$\sqrt{x + \sqrt{2x -1}} + \sqrt{x- \sqrt{2x-1}} = A $ I am puzzling over the following problem, which involves an equation of the form:
$$\sqrt{x + \sqrt{2x -1}} + \sqrt{x- \sqrt{2x-1}} = A $$
The problem involves finding real values of x corresponding to 
A = $ \sqrt{2}$, A = 1, and A = 2, where the roots must be of non-negative real numbers.
So far, I have found that A = $\sqrt{2}$ when x = 1:
$$\sqrt{1 + \sqrt{2(1) -1}} + \sqrt{x- \sqrt{2(1)-1}} = \sqrt{1 + 1} + \sqrt{1 - 1} = \sqrt{2}   $$
But it is not so obvious to me how to go about obtaining values of x when A = 1, or A = 2, for example. And how can I be certain that I have found all values of x, if there is more than one? And how can I be absolutely sure that there is only one solution? 

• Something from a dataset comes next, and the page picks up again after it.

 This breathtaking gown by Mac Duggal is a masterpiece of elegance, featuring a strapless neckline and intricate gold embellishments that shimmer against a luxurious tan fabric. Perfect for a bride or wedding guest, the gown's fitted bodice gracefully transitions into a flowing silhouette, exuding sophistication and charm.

And if we think about it the other way around- in general, for which values of A are there solutions?
Some thoughts on any of the above would be much appreciated!

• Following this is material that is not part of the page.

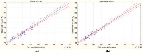 Figure 4a,b are very similar and the points in both plots are relatively close to the regression line. The red dashed lines indicate the 95% confidence interval. For the nonlinear model, there is a slightly greater overlap of the predicted values of the usable area to the observed values of this variable; the points are more concentrated around the regression line and the determined confidence area. This is consistent with the evaluation of both models based on the coefficient of determination.

 A: Hint: If you square the equation, you get that
$$2x + 2 |1-x| = A^2 $$
Question: Does every solution to the above equation become a solution to the original equation? Why, or why not?

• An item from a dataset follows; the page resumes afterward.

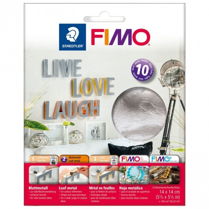 Akrusze metaliczne Fimo leaf metal, 7 sztuk, srebro

Consider $x= 0$, $x=0.5$, $x=1$, $x=\sqrt{2}$, $x = \sqrt{2}$, $x = \frac{e}{\pi}$ etc...
A: We look for real solutions. Let $y=2x-1$. Note that $x\ge \frac{1}{2}$. We have  $x=\frac{y+1}{2}$. Then 
$$x+\sqrt{2x-1}=\frac{y+1}{2}+\sqrt{y}=\frac{1}{2}(1+\sqrt{y})^2.$$
Taking the square root, we find that 
$$\sqrt{x+\sqrt{2x-1}}=\frac{1}{\sqrt{2}}(1+\sqrt{y}).$$
Almost similarly, we find that 
$$\sqrt{x-\sqrt{2x-1}}=\frac{1}{\sqrt{2}}|1-\sqrt{y}|.$$
Adding, we end up with the equation
$$(1+\sqrt{y})+|1-\sqrt{y}|=\sqrt{2}A.$$
If $\sqrt{y}\le 1$, we get $A=\sqrt{2}$, with no other conditions on $y$. That gives us an interval of solutions when $A=\sqrt{2}$.  
If $\sqrt{y}\gt 1$, we arrive after a little manipulation at $y=\frac{A^2}{2}$. So there is no solution if $A=1$, and indeed if $A\lt \sqrt{2}$. There is a unique solution if $A\gt \sqrt{2}$.